“Los cuentos de hadas superan la realidad no porque nos digan que los dragones existen, sino porque nos dicen que pueden ser vencidos” (G. K. Chesterton)
Segunda salida con la Digerve, vamos acumulando kilómetros
con ella mientras nos llegan los portabultos y la terminamos de vestir. Vamos cogiéndole
el tacto a los frenos, a su forma de ser y de comportarse en las bajadas, y por
lugares sinuosos. Pues cada bicicleta tiene su personalidad o mejor dicho sus características
particulares.
A la vez estamos preparando las próximas excursiones y ultimando
los objetivos para el próximo año, a ver si por causalidad llegamos a cumplir
alguno.
Por lo general, en nuestra vida, programamos planes y
proyectos que nos llenan de ilusión y nos permiten pasar el día a día con
interés, pensando que, de lograrlos, vamos a encontrar nuestra felicidad.

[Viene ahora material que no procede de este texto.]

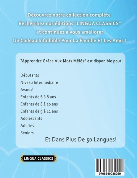 * APPRENDRE LE DANOIS TOUT EN S'AMUSANT - ENRICHISSEZ VOTRE VOCABULAIRE FACILEMENT ! Les Mots Mêlés Sont Une Technique D'Apprentissage Efficace Utilisée Dans Les Écoles Pour Améliorer Son Vocabulaire - C'est Un Jeu Idéal Pour Stimuler L'Apprentissage ! Cette série de livres a été conçue en fonction du niveau de chaque personne. Que vous soyez débutant, intermédiaire ou que vous aidiez votre enfant à apprendre une nouvelle langue, vous trouverez le livre qui répondra à vos besoins. Comment ? Améliorez votre niveau avec une activité stimulante ! C'est un excellent complément pour tous ceux qui apprennent une langue. Avec +40 heures de divertissement, vous découvrirez et pourrez apprendre à retenir plus de 2000 mots. UN LIVRE D'ÉTUDE UNIQUE : - VOCABULAIRE SPÉCIFIQUE : Profitez d'une sélection par âge et par niveau de +2000 mots - APPRENTISSAGE ACTIF : Un espace permet au lecteur de réaliser sa propre traduction - PUZZLES EN GRAND FORMAT : Conçus pour la meilleure lisibilité possible. - FEUILLETEZ AVANT D’ACHETER : Pas de surprise, cliquez sur la couverture - SOLUTIONS FACILEMENT LISIBLES : Des solutions dans un format clair et simple - DIVERTISSEMENT : Assez difficile pour être stimulant, assez facile pour devenir addict DÉVELOPPEZ VOS COMPÉTENCES LINGUISTIQUES : - Pratique Les jeux de mots mêlés transforment le défi d'apprendre une langue en un plaisir ! - Progressez Apprenez avec un vocabulaire commun adapté à vos compétences. - Retenez ce que vous apprenez Une technique d'apprentissage active pour augmenter votre vocabulaire. - Atteignez vos objectifs Ne vous contentez pas de pratiquer passivement. Cherchez les traductions de nouveaux mots - trouvez-les dans le Puzzle - ajoutez-les à votre vocabulaire ! DISPONIBLE DANS PLUS DE 50 LANGUES POUR : - Débutant - Intermédiaire - Avancé - Enfants de 6 à 8 ans - Enfants de 8 à 10 ans - Enfants de 9 à 12 ans - Adolescents - Adultes - Seniors Consultez notre collection complète - Recherchez ""LINGUA CLASSICS"" et découvrez de nouveaux livres pour vous améliorer - un cadeau infaillible pour votre famille et vos amis ! Profitez dès maintenant de cet apprentissage ludique - DEVENEZ AMIS AVEC UNE NOUVELLE LANGUE FACILEMENT ! ------- [ENGLISH] ------- Note: Some content in English might be missing due to length restrictions. * LEARN DANISH WHILE HAVING FUN - BUILD VOCABULARY EASILY! Word Searches Are an Effective Technique Used in Schools to Increase Vocabulary - It’s an Ideal Game to Stimulate Learning! This book series has been tailored to each person’s specific level. Whether you are a beginner, advanced, or helping your child learn a new language you’ll find the right book for your needs. Why? It’s a great complement for anyone learning a language. Make it easy with an encouraging activity! With +40 hours of entertainment, you will discover and be able to retain over 2000 words: AN EXCITING STUDY COMPANION WITH: - AGE & LEV...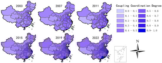 With the aid of the coupling coordination degree results in Section 3.3, heatmaps are created using ArcGIS 10.6.1 software for the years 2003, 2007, 2011, 2015, 2019, and 2022. These maps are helpful in analyzing the spatial distribution characteristics of the coupling coordination degrees between population and logistics, as shown in Figure 6.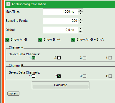 Note: If the cable lengths are different for both detectors, photons simultaneously registered at the detectors arrive a different times at the photon counting TCSPC unit. Consequently, a systematic shift of the red and the yellow curve is observed. For compensation adjust the “Offset” parameter. It automatically moves the red and yellow curve to the correct position. Press “Calculate” again to recalculate the correct antibunching curve.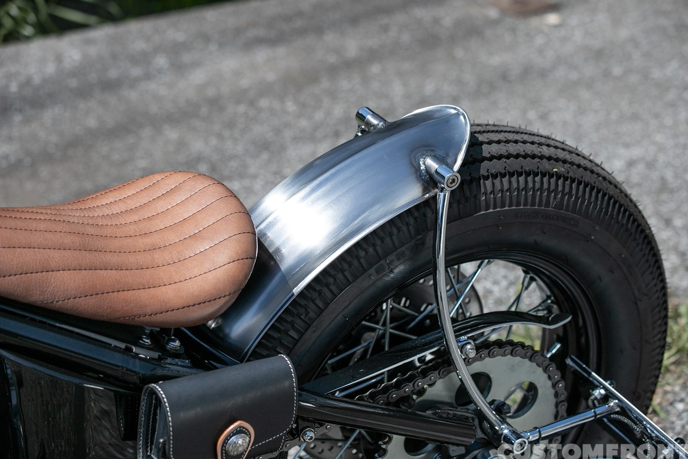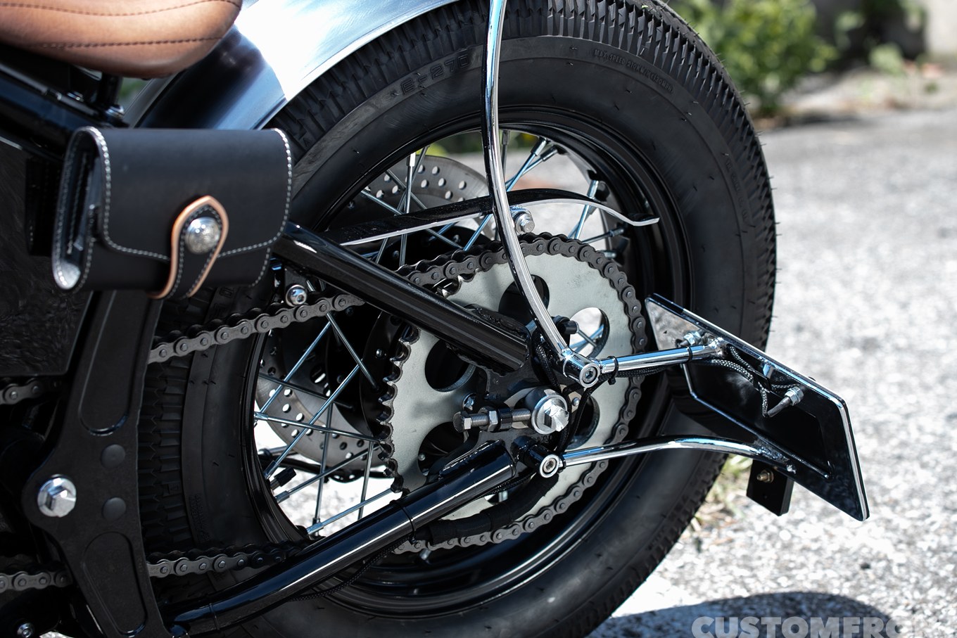 ナンバーステーやフェンダーステー、チェーンカバーなどそれぞれをワンオフ。やり過ぎに配慮して製作された。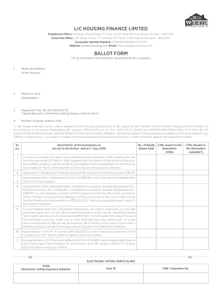 The LIC Housing Finance Ballot Form is intended for members of LIC Housing Finance who are eligible to vote at the company’s Thirtieth Annual General Meeting.
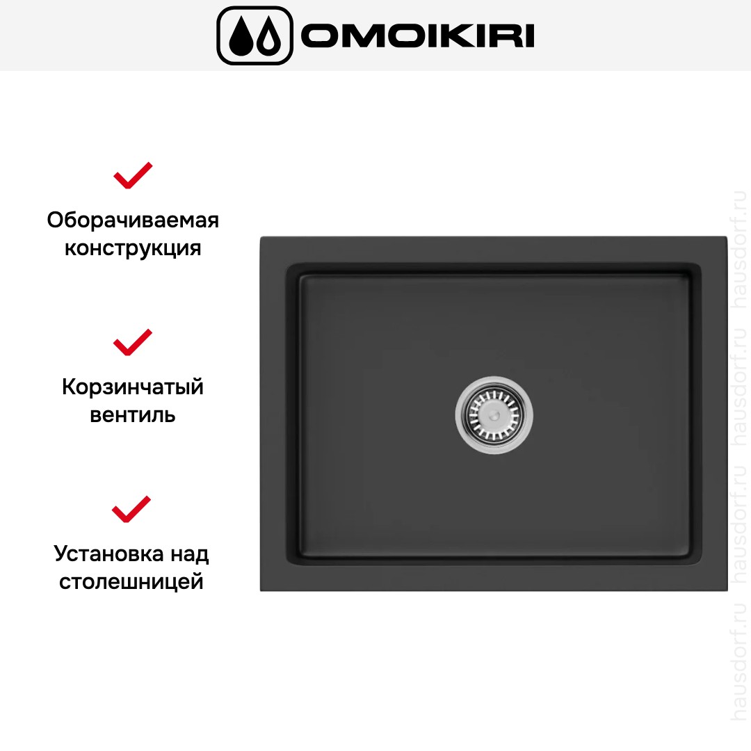 Мойка OMOIKIRI Mikura 61 BL представляет собой модульное прямоугольное решение для кухни с размерами 61×46 см и стильным черным цветом. Она устанавливается над столешницей и изготавливается методом литья из материала NatCeramic, что обеспечивает цельную и прочную конструкцию. Вес изделия составляет 27,3 кг, благодаря чему раковина плотно сидит в вырезе и не шатается при эксплуатации.

Nos
esforzamos y trabajamos para ellos y por conseguir aquello que se ha convertido
en la meta de nuestra vida. Pero tenemos la experiencia de que, una vez
alcanzadas esas metas, tenemos que volver a comenzar siempre de nuevo.
Justamente en el momento en que conseguimos nuestro propósito,
nuestra experiencia nos dice que esa meta no nos va a llenar del todo; hemos
conseguido mucho sí, pero tenemos que comenzar de nuevo. Experimentamos la
sensación de que todo lo que conseguimos termina y sufrimos por ello una insatisfacción
continua que hace que nuestra vida se encuentre siempre en tensión sin poder
lograr nunca un descanso definitivo. Sentimos por ello una sed imperiosa de
más, inapagable, una sed, en definitiva, de infinito. Este es el hecho. Somos
más felices por lo que deseamos que por lo que poseemos. Nuestros sueños son
siempre sueños de infinito, de algo que no se debería de terminar nunca, pero
en realidad, nuestros logros son finitos, se terminan.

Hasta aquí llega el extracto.